**Your objective**
Would you copy all lines in the data that contain the word "image"?

··· Data

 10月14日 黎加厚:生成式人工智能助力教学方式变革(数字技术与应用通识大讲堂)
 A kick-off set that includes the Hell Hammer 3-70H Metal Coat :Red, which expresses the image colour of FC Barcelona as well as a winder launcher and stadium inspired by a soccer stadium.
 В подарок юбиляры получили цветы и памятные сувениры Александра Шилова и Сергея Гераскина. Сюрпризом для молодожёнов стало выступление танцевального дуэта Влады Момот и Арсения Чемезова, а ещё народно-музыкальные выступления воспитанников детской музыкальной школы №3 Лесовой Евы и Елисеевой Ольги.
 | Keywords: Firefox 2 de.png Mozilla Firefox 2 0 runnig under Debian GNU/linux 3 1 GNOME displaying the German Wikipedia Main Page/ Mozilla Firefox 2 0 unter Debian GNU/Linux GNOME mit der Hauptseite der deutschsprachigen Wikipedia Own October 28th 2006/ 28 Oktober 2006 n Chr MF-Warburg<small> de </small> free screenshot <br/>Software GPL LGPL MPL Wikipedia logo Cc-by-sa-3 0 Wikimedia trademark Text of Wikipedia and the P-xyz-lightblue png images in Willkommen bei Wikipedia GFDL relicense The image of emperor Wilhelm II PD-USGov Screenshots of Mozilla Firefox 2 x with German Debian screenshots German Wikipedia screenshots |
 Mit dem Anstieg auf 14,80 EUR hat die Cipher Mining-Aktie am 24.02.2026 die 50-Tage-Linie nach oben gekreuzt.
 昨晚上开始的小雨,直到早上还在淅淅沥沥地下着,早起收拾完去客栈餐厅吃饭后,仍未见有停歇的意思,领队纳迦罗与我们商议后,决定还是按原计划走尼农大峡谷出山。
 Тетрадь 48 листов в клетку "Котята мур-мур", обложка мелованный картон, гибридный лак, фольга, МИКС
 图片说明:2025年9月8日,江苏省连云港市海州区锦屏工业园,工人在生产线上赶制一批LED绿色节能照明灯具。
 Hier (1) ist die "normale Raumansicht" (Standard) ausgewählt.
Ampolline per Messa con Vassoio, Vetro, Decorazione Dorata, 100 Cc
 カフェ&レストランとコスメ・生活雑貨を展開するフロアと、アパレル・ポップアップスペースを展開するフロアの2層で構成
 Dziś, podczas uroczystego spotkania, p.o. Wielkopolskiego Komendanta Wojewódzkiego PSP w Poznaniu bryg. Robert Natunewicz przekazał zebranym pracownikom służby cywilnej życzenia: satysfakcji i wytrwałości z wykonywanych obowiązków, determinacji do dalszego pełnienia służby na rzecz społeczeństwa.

······

**Output below**
 A kick-off set that includes the Hell Hammer 3-70H Metal Coat :Red, which expresses the image colour of FC Barcelona as well as a winder launcher and stadium inspired by a soccer stadium.
 | Keywords: Firefox 2 de.png Mozilla Firefox 2 0 runnig under Debian GNU/linux 3 1 GNOME displaying the German Wikipedia Main Page/ Mozilla Firefox 2 0 unter Debian GNU/Linux GNOME mit der Hauptseite der deutschsprachigen Wikipedia Own October 28th 2006/ 28 Oktober 2006 n Chr MF-Warburg<small> de </small> free screenshot <br/>Software GPL LGPL MPL Wikipedia logo Cc-by-sa-3 0 Wikimedia trademark Text of Wikipedia and the P-xyz-lightblue png images in Willkommen bei Wikipedia GFDL relicense The image of emperor Wilhelm II PD-USGov Screenshots of Mozilla Firefox 2 x with German Debian screenshots German Wikipedia screenshots |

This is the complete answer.